Miguel Delibes, né le 17 octobre 1920 à Valladolid, Castille-et-León, et mort le 12 mars 2010 (à 89 ans) à Valladolid1, est un écrivain espagnol de la Génération de 36.

il a su transmuer en littérature et élever à l’universel son expérience de marin militaire  : L’Étoffe d’un héros ; sa rencontre avec le Printemps de Prague, ou la perte de sa chère épouse Ángeles : Dame en rouge sur fond gris. Explorateur de la langue castillane dans ses formes poétiques, populaires et dialectales sans qu’il n’y paraisse rien d’« expérimental », son œuvre allie la nouvelle : Le Linceul ; le roman court : Le Fou ; le grand monologue souvent adapté à la scène : Cinq heures avec Mario et le roman de facture « classique », sa dernière œuvre, L’Hérétique. Il a obtenu en 1993 le très prestigieux prix Cervantès.

 

 

Le narrateur, peintre de grande renommée, sombre dans l’alcool et la dépression depuis la maladie et, surtout, la mort de sa femme.

Dans un long monologue adressé à une de ses fille nouvellement sortie des geôles de Franco, il raconte sa muse, sa femme, , son amour, eux, leurs vies, le franquisme.

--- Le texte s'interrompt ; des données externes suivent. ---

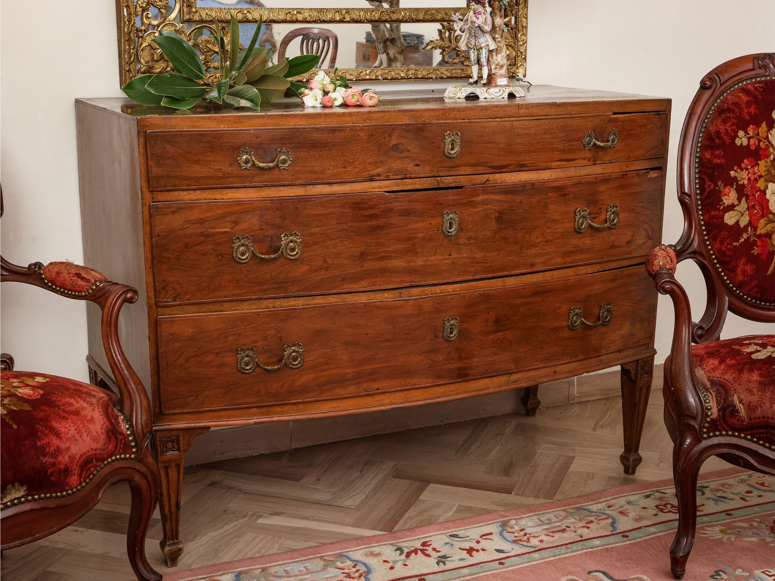 fine del XVIII secolo tre cassetti sul fronte leggermente bombato, piedi a faretra scanalata, alcuni difetti
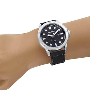 Características Formato do Relógio: Redondo Composição do Vidro: Cristal mineral Material da Caixa: Metal Cor da Caixa: Prata Cor do mostrador: Preto Material da Pulseira: Borracha Cor da Pulseira: Prata Mecanismo: Analógico Quartz
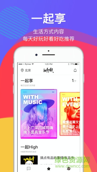 优家with是一款专属于年轻人的潮流社交app,线上线下全面打通,可以在一起单聊、群聊,也可以一起找活动high起来,给你一个创意的居住空间,欢迎喜爱的朋友到绿色资源网下载使用!
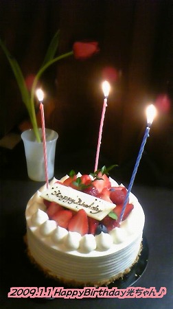 そしてそのあとに、ホンモノのケーキも出てきて、ハピバ歌って、光一くんがキャンドルを消してプレゼント披露です♪
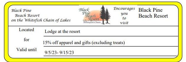 Black Pine Beach Resort 15% off apparel and gifts (excluding treats) Get Coupon
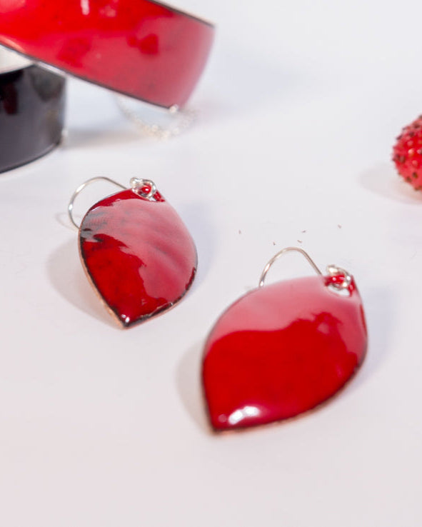 ❤️ Boucles d’oreilles feuilles rouges – Émaux d’art sur métal
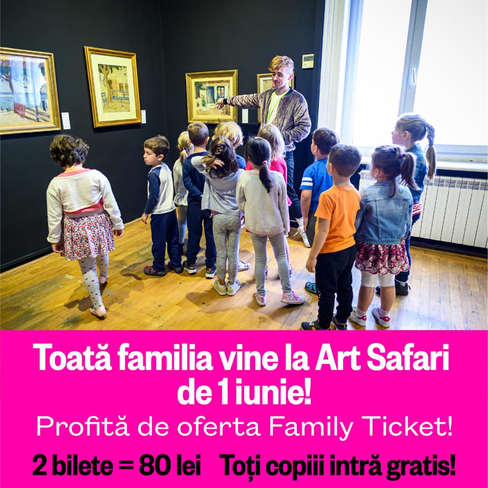 Art Safari va fi deschis special de 1 Iunie și lansează Family Ticket, un bilet pentru întreaga familie. În această zi, toți copiii au acces gratuit la cel mai mare eveniment dedicat artei din țară, iar adulții care îi însoțesc beneficiază de 50% reducere la bilete.
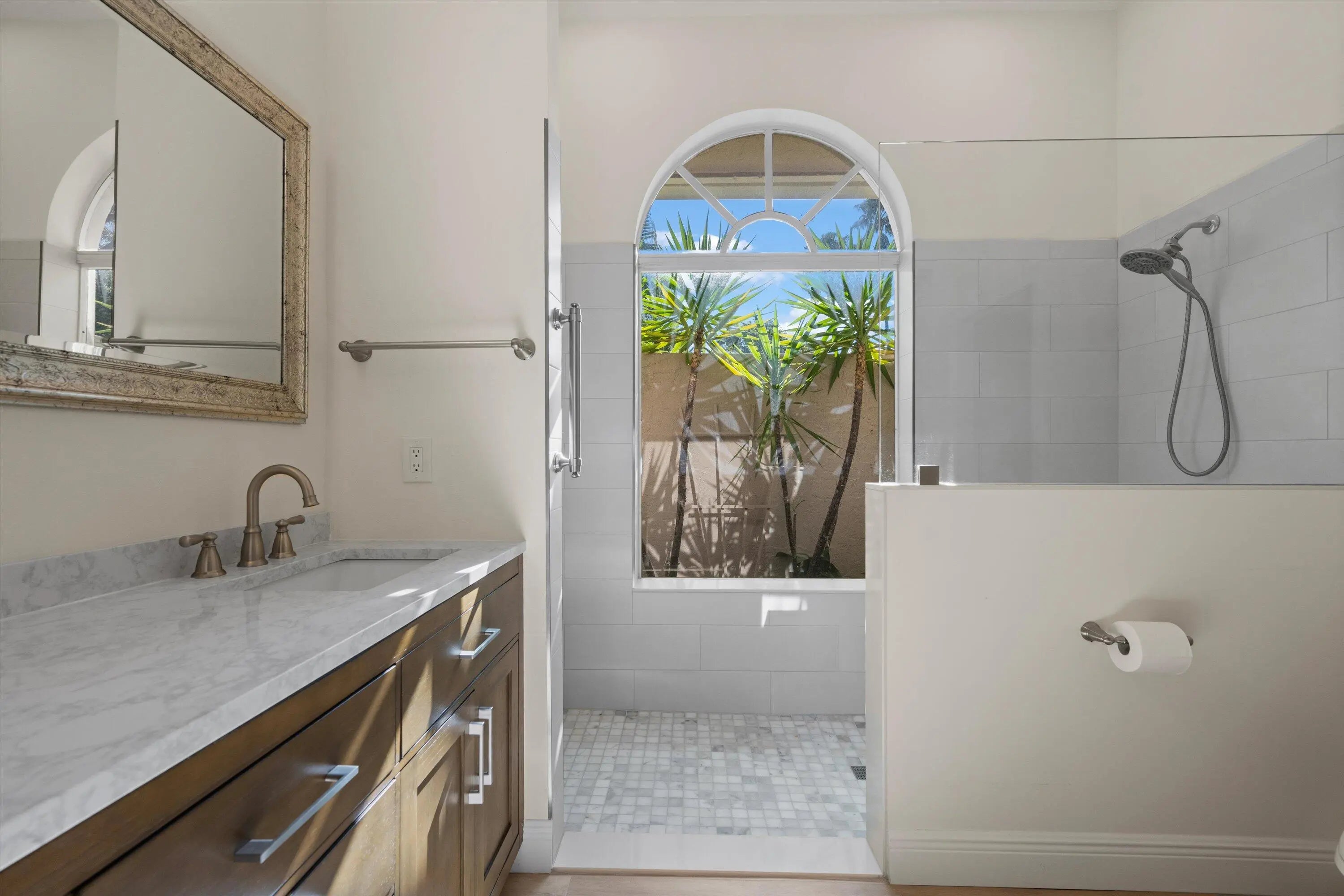 Spacious 2-bedroom single-story villa in a split floor plan (with a 1-car garage) in the Heather Run neighborhood within PGA National. With high ceilings and skylights in the great room, this villa has wonderful natural light. The primary bathroom was renovated and expanded in late 2023 to make it handicapped accessible, while the kitchen and guest bathroom were previously updated. There is neutral-colored tile in the main living area and new luxury vinyl flooring in both bedrooms. The HOA is responsible for maintenance, repair & replacement of the roof (as well as exterior painting). The community pool is across the street and the community allows each residence to be rented 2 times per year (with a 90-day minimum term). The PGA National development offers a variety of amenities - walking paths, sidewalks, bike trails, community pool, an on-site luxury resort with various dining options and a renowned spa. Membership in the PGA National Members Club is available (with Golf, Sports & Racquet membership levels) but not required. PGA National is conveniently located near Interstate 95, the Florida Turnpike, great restaurants, shopping and Palm Beach International Airport (PBIA).
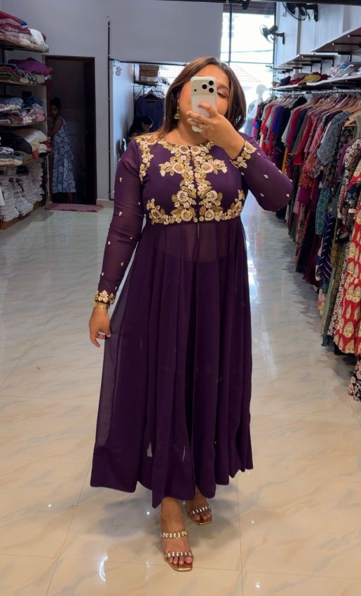 Model wearing- purple COLOUR, panel cut open jacket Anarkali top with semi pencil bottom-
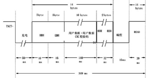 根據射頻信號的寫入格式,按照如下的寫入時序,即可將數據寫入射頻卡內。見圖7.
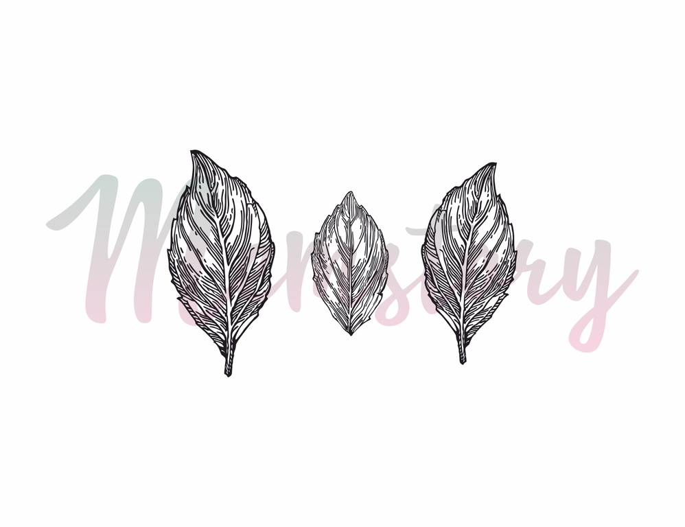 Штамп фотополимерный, бирюзового цвета. Размеры листочков: 2 / 4,3 см, 1,5 / 2,8 см, 1,8 / 3,9 см.

Avec ses mots, Miguel Delibes, prend la place du peintre, à moins que ce ne soit l’inverse, sur fond de famille, de franquisme, de bonheur malgré les malheurs, puis sur le fond gris du deuil, il peint l’aimée, l’adorée, celle qui  « par sa seule présence allégeait le poids de la vie ».

Les regrets de ne pas avoir dit combien il l’aimait, combien elle était primordiale pour lui

« Mais un jour, elle, elle n’est plus là, il devient impossible de la remercier d’avoir resserré le bouton de la chemise et, subitement, cette attention ne te semble plus superflue ; elle devient quelque chose d’important. ».

Le tableau qui donne le titre au livre n’est pas de lui, mais d’un autre

« Alors oui, alors j’ai ressenti de la jalousie pour ce tableau, pour ne pas avoir su le peindre moi-même, parce qu’ c’était un autre qui l’avait saisie dans toute sa splendeur. »

Ce tableau qu’il n’a pas su peindre, ce qu’il n’a pu saisir par le pinceau, le narrateur nous le donne par les mots.

« Puisque la mort est inévitable, n’est-ce pas mieux ainsi ? »

La mort a cueilli son amour avant qu’elle ne se flétrisse, avant que la maladie ne l’ait abimée. C’est tout le thème de son long et beau  monologue.

 

Ce livre est un hommage vibrant. Il  côtoie l’intime, l’universel et le sublime.  Miguel Delibes dessine  le portrait de l’aimée, de l’Espagne, avec son récit. Un plume admirable pour un pinceau tout en douceur.  Un chant d’amour, un hymne à la femme aimée

Un superbe livre intime ;  une écriture comme je les aime. Dominique Blanc, le traducteur a fait du travail d’orfèvre.

 

Un coup de cœur.

 

Une fois de plus, les éditions Verdier m’ont régalée. Dommage que je doive rendre le livre à la bibliothèque.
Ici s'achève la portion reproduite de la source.